§ Description of the task: All the data that follows should be repeated exactly, without a single picture.

§ Information supplied:
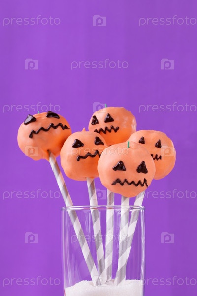 Хеллоуин тыквенный торт хлопает в стекле на фиолетовом фоне. Праздничные угощения
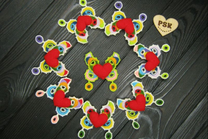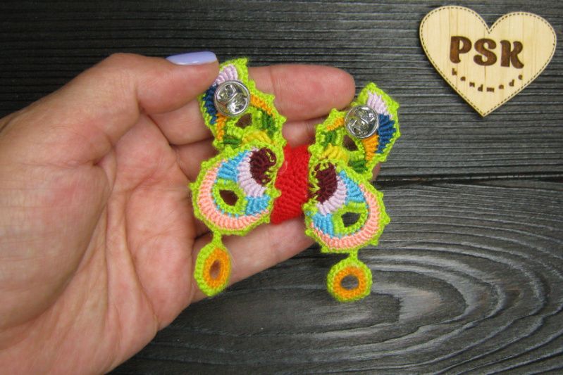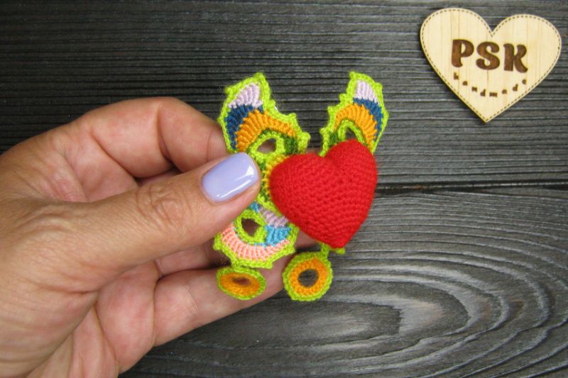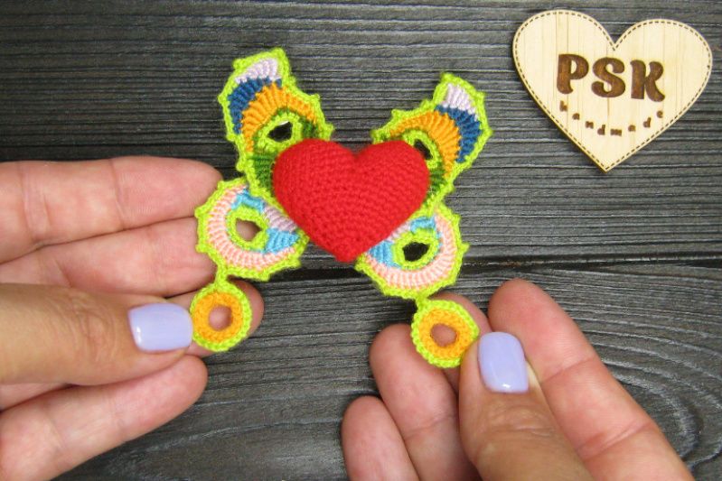 В’язана гачком брошка серцекрилець, менший варіант.
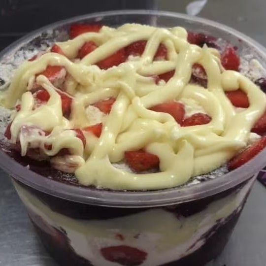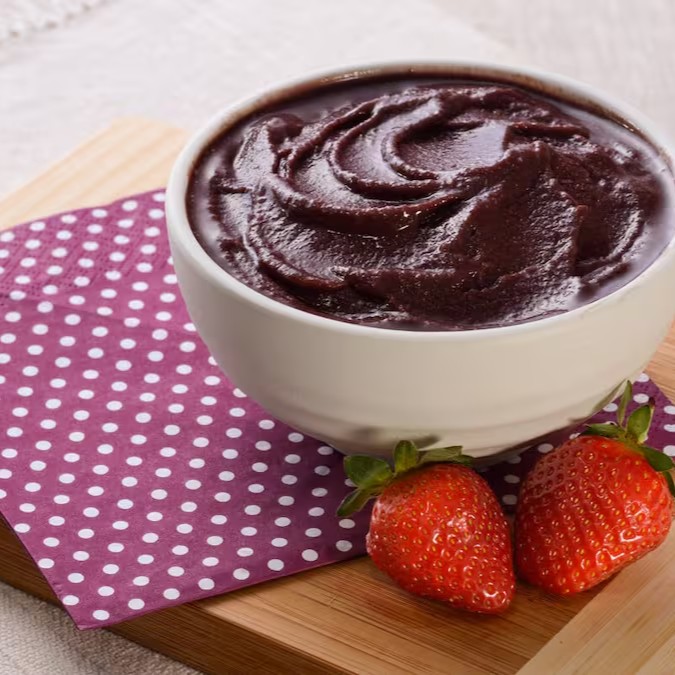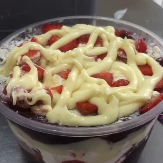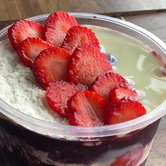 Açaí, creme de morango, leite em pó e deliciosos morangos frescos.

§ Task output:
 Хеллоуин тыквенный торт хлопает в стекле на фиолетовом фоне. Праздничные угощения
 В’язана гачком брошка серцекрилець, менший варіант.
 Açaí, creme de morango, leite em pó e deliciosos morangos frescos.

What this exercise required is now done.